(Data supplied)
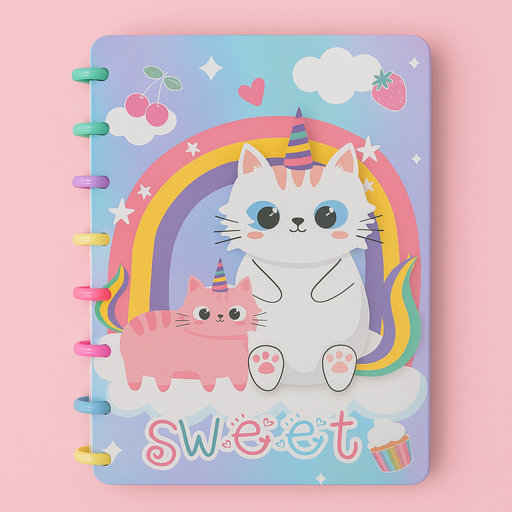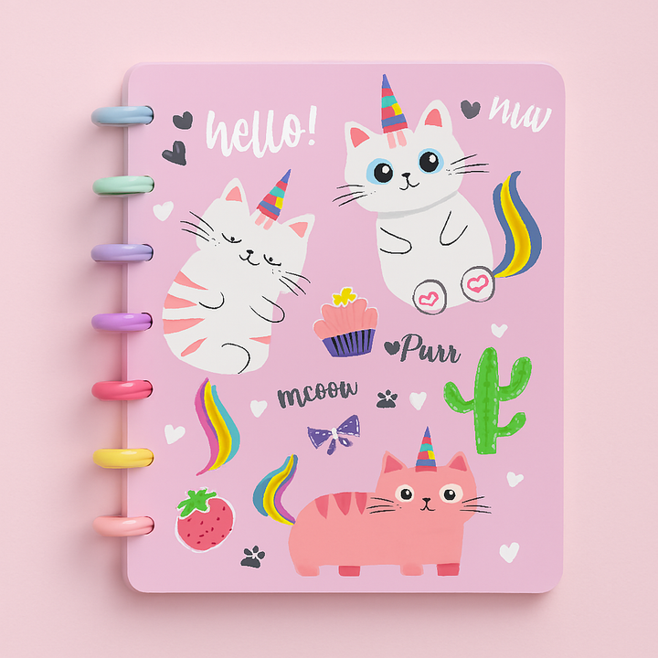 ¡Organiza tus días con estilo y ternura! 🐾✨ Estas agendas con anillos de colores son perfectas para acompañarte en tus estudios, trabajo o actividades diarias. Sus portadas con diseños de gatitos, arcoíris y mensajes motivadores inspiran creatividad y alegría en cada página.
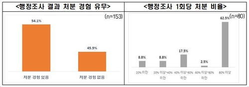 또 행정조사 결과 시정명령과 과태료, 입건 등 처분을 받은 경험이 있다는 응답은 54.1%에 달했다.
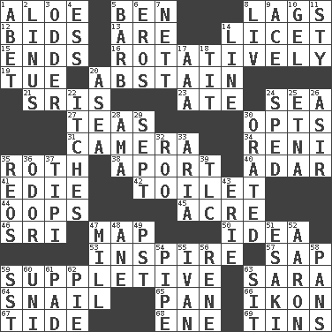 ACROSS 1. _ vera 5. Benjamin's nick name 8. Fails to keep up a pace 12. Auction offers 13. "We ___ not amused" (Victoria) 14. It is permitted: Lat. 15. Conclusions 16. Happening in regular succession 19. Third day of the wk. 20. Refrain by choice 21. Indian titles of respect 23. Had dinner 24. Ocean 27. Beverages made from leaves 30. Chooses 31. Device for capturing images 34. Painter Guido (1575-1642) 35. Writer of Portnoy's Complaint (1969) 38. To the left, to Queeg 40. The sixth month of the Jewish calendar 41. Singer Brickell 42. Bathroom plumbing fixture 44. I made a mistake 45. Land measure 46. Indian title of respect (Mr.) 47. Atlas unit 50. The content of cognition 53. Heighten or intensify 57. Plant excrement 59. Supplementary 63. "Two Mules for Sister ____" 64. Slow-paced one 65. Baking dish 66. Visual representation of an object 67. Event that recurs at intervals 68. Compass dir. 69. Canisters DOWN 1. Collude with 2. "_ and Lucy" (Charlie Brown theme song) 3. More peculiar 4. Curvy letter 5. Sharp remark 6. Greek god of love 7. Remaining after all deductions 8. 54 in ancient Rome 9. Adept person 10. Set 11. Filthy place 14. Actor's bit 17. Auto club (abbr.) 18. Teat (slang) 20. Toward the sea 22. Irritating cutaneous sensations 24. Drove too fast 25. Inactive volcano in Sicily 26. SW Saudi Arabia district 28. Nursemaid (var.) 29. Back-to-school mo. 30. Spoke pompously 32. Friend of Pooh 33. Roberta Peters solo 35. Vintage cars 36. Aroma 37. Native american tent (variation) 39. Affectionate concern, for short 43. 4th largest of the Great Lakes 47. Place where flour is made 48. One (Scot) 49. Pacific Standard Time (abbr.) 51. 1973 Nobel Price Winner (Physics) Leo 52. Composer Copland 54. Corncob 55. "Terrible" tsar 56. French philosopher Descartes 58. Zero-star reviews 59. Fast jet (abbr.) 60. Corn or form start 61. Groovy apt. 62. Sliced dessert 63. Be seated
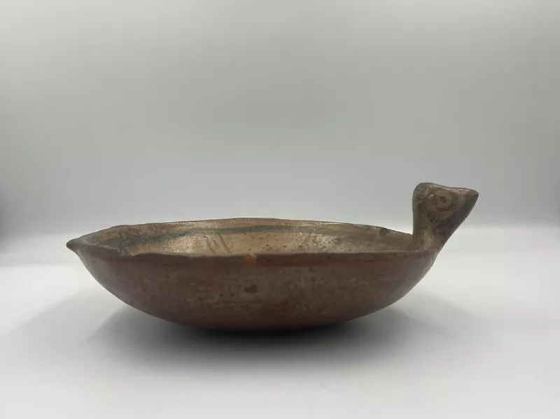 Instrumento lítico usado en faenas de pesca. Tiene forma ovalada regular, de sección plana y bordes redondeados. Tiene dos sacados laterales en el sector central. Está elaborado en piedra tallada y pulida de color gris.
(End Data supplied)
(Data supplied)
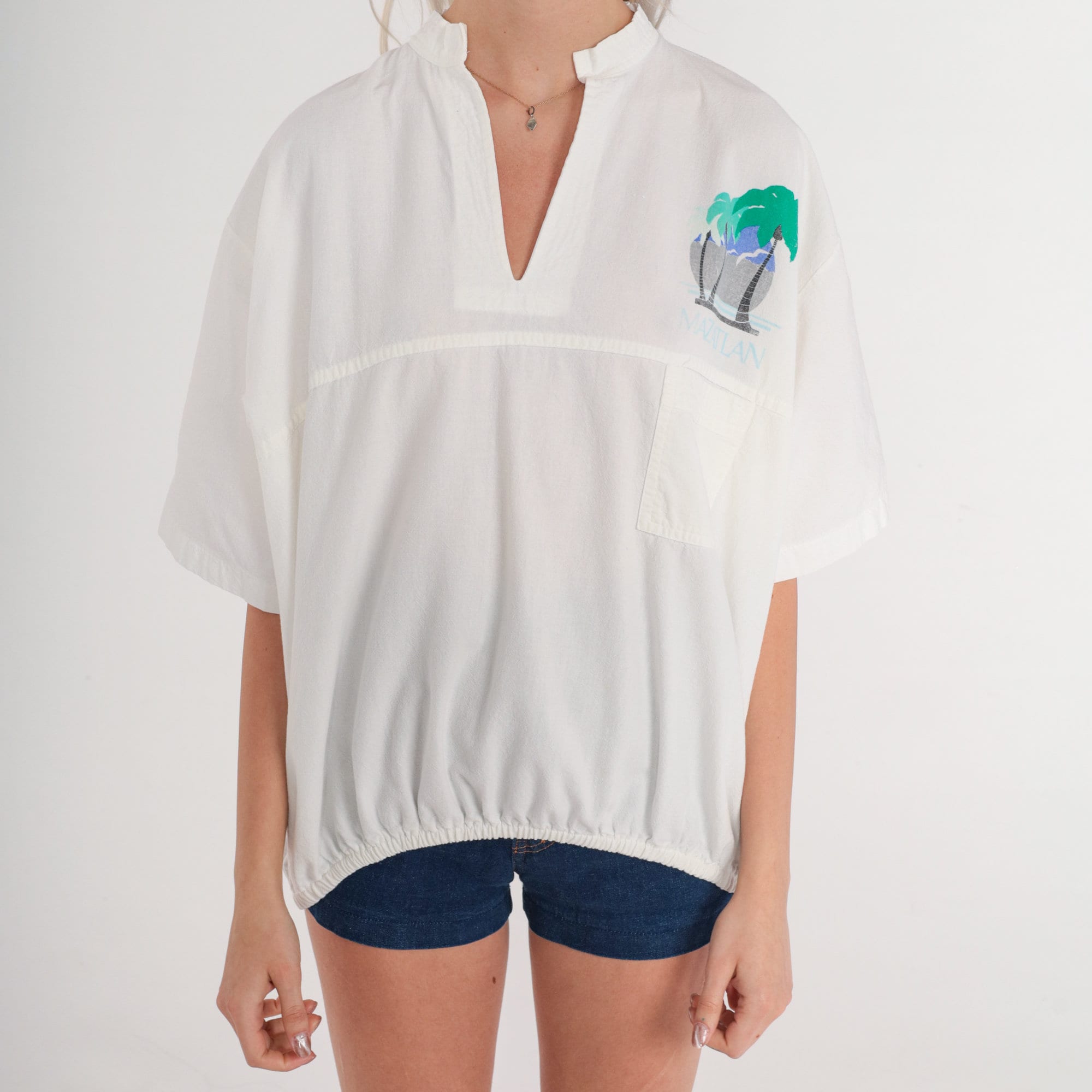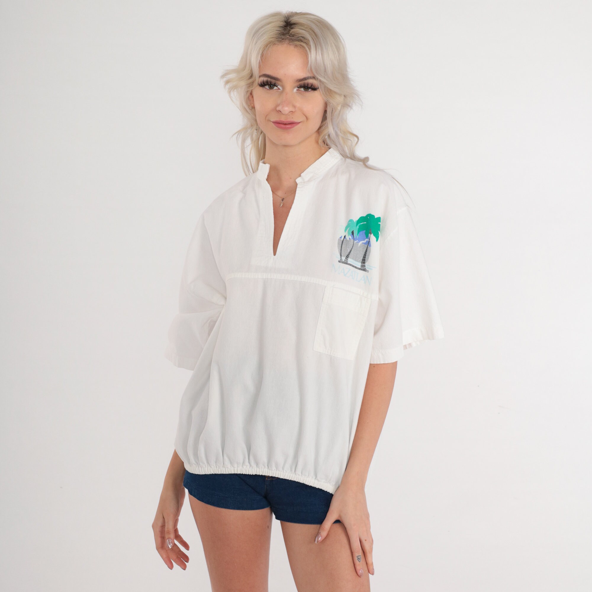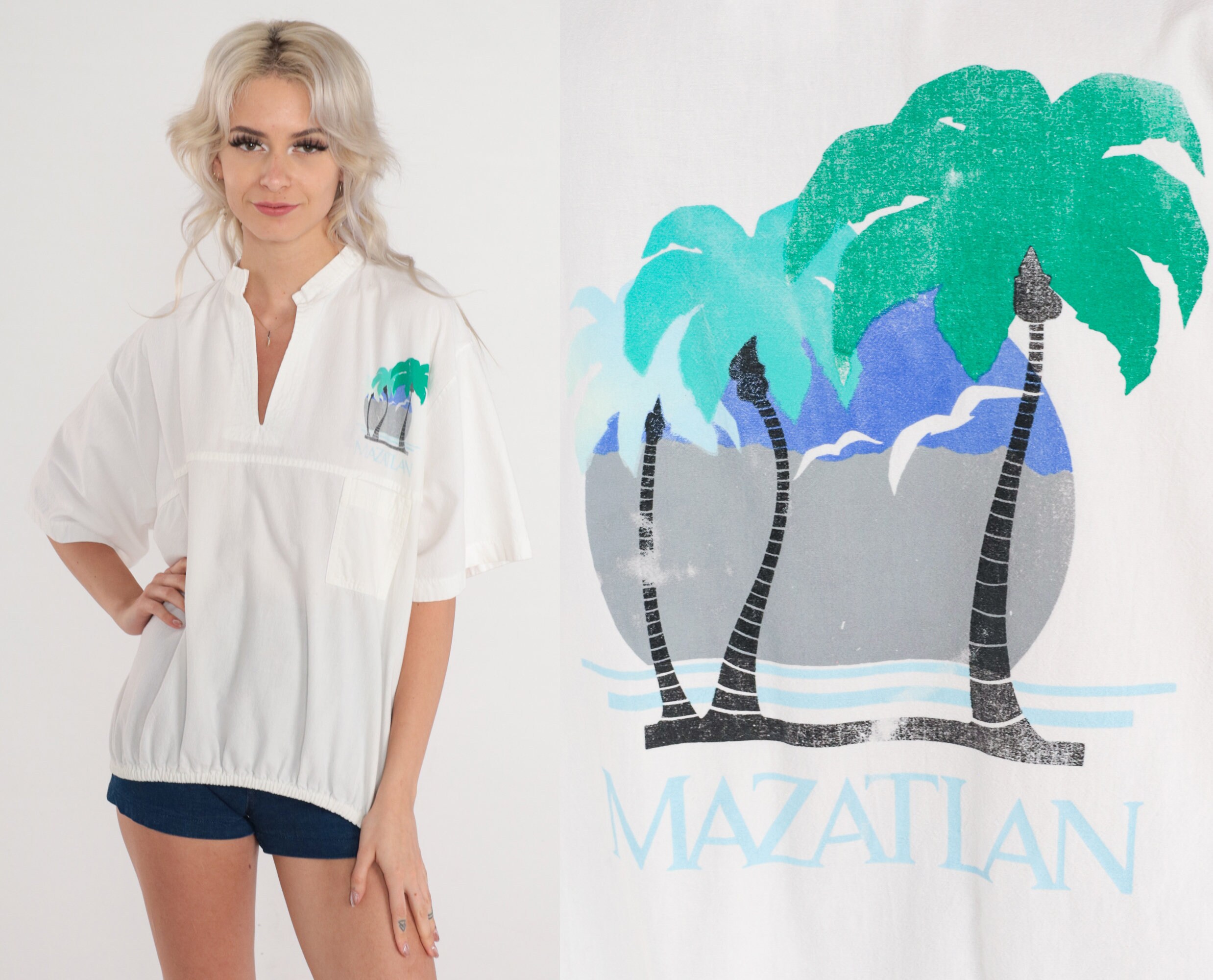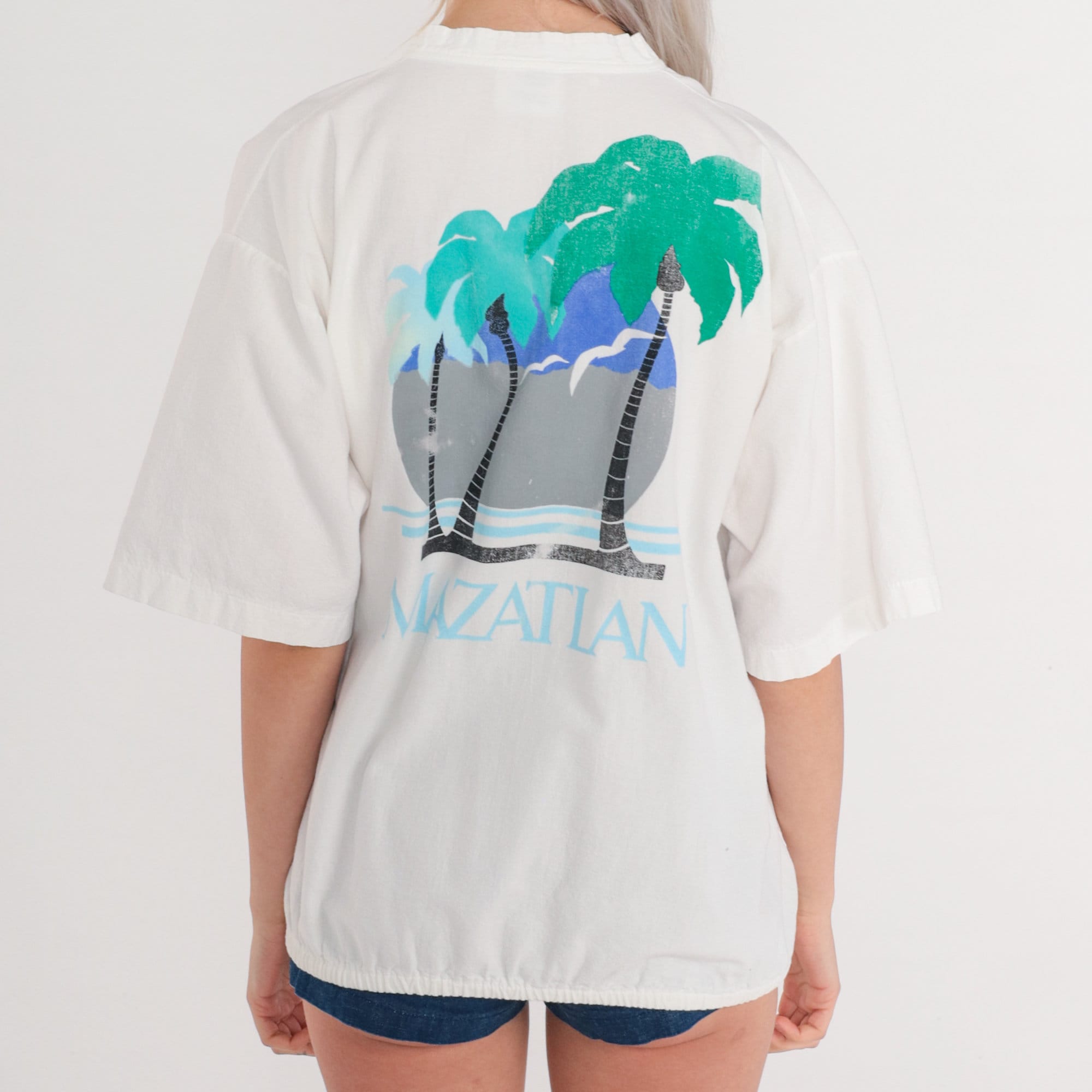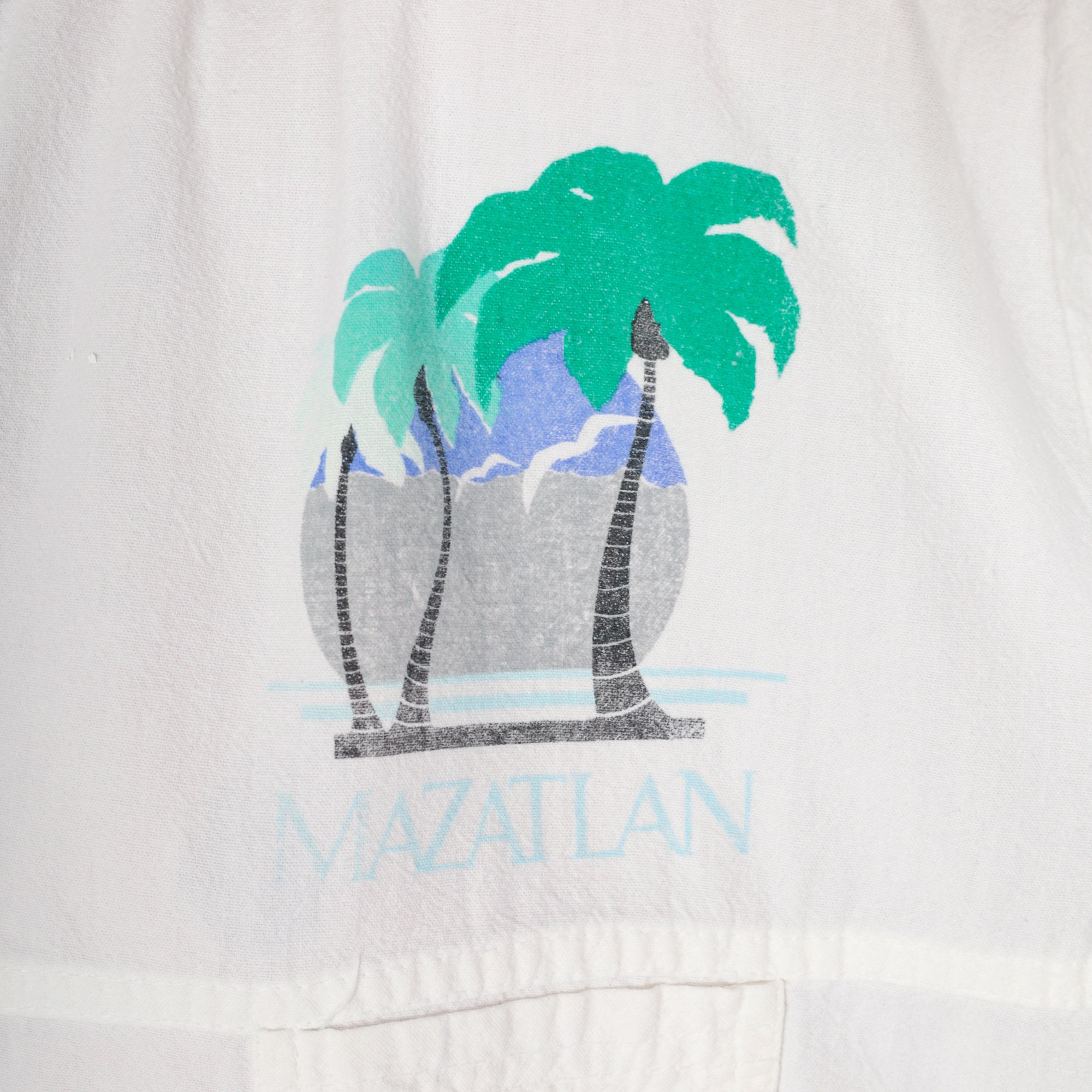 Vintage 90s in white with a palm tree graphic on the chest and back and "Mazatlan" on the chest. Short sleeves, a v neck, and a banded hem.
(End Data supplied)
(Data supplied)
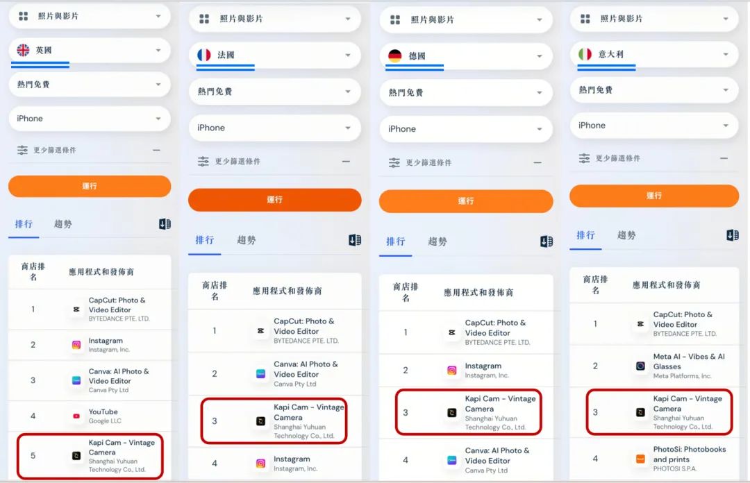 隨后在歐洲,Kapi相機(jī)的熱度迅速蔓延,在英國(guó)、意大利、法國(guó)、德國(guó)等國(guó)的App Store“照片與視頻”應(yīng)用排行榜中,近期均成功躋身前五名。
(End Data supplied)
Task to complete —
Would you give again, exactly, the lines in the data above that run from the line containing "en cada página." to the line containing "또 행정조사 결과 시정명령과"? Include both ends and no pictures.

Result for this task —
 ¡Organiza tus días con estilo y ternura! 🐾✨ Estas agendas con anillos de colores son perfectas para acompañarte en tus estudios, trabajo o actividades diarias. Sus portadas con diseños de gatitos, arcoíris y mensajes motivadores inspiran creatividad y alegría en cada página.
 또 행정조사 결과 시정명령과 과태료, 입건 등 처분을 받은 경험이 있다는 응답은 54.1%에 달했다.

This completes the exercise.